• EXERCISE BRIEF: Take nothing but the lines from the one with "Crossing Pointe silk" through the one with "随着疫情逐渐得到控制,电影院" in the entries below, both ends kept, and return them exactly with pictures left out.

• SOURCE MATERIAL:
* * *

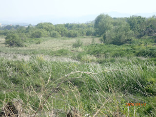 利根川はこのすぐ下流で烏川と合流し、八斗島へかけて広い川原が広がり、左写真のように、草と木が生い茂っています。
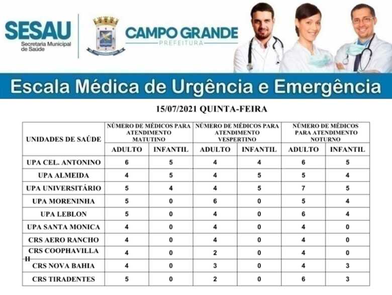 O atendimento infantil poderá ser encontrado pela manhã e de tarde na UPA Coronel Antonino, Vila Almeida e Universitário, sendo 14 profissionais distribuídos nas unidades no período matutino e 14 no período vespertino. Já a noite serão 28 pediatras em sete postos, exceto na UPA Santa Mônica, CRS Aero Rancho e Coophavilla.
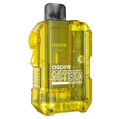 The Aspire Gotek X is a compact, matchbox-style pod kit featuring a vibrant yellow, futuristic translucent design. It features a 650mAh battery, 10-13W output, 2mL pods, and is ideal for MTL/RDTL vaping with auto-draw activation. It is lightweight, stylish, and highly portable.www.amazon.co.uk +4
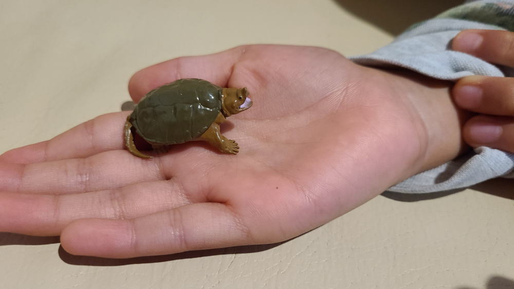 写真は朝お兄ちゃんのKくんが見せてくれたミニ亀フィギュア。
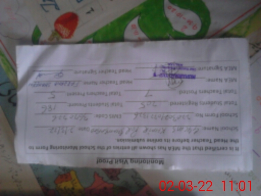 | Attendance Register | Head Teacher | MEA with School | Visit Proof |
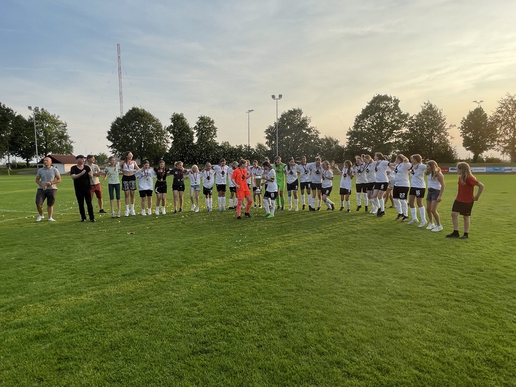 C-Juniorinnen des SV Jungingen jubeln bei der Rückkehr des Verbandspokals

* * *

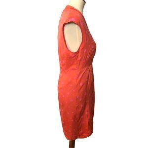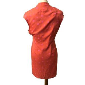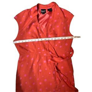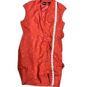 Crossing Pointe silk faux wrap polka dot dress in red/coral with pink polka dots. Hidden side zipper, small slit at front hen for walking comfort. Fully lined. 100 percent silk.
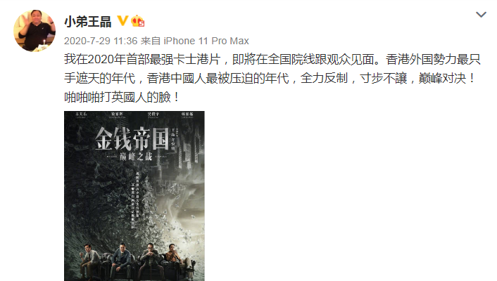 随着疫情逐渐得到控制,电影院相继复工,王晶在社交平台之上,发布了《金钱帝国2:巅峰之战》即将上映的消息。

* * *

• WRITTEN SOLUTION:
 Crossing Pointe silk faux wrap polka dot dress in red/coral with pink polka dots. Hidden side zipper, small slit at front hen for walking comfort. Fully lined. 100 percent silk.
 随着疫情逐渐得到控制,电影院相继复工,王晶在社交平台之上,发布了《金钱帝国2:巅峰之战》即将上映的消息。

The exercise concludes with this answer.